→ **What to produce**
Output every line below as it stands, dropping only the images.

→ **Dataset content**
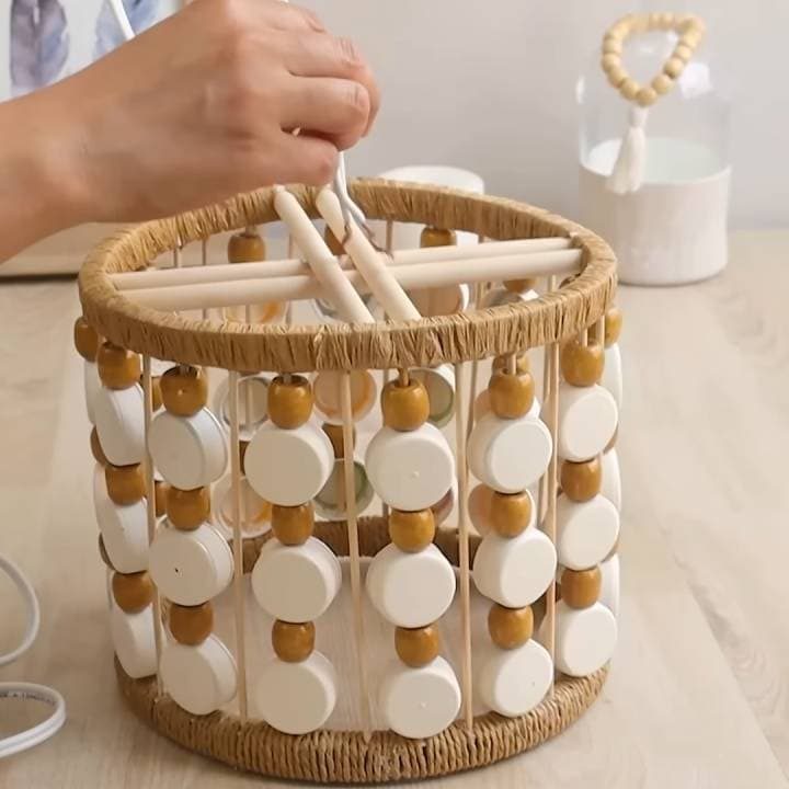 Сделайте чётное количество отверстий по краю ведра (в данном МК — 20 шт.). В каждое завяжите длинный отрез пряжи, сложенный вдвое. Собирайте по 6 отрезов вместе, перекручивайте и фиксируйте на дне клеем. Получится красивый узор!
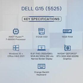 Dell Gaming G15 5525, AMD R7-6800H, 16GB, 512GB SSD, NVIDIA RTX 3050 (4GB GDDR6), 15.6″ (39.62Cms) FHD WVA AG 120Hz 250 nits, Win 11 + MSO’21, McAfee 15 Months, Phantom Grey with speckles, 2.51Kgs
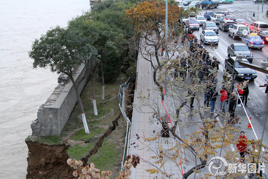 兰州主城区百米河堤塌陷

→ **Exercise response**
 Сделайте чётное количество отверстий по краю ведра (в данном МК — 20 шт.). В каждое завяжите длинный отрез пряжи, сложенный вдвое. Собирайте по 6 отрезов вместе, перекручивайте и фиксируйте на дне клеем. Получится красивый узор!
 Dell Gaming G15 5525, AMD R7-6800H, 16GB, 512GB SSD, NVIDIA RTX 3050 (4GB GDDR6), 15.6″ (39.62Cms) FHD WVA AG 120Hz 250 nits, Win 11 + MSO’21, McAfee 15 Months, Phantom Grey with speckles, 2.51Kgs
 兰州主城区百米河堤塌陷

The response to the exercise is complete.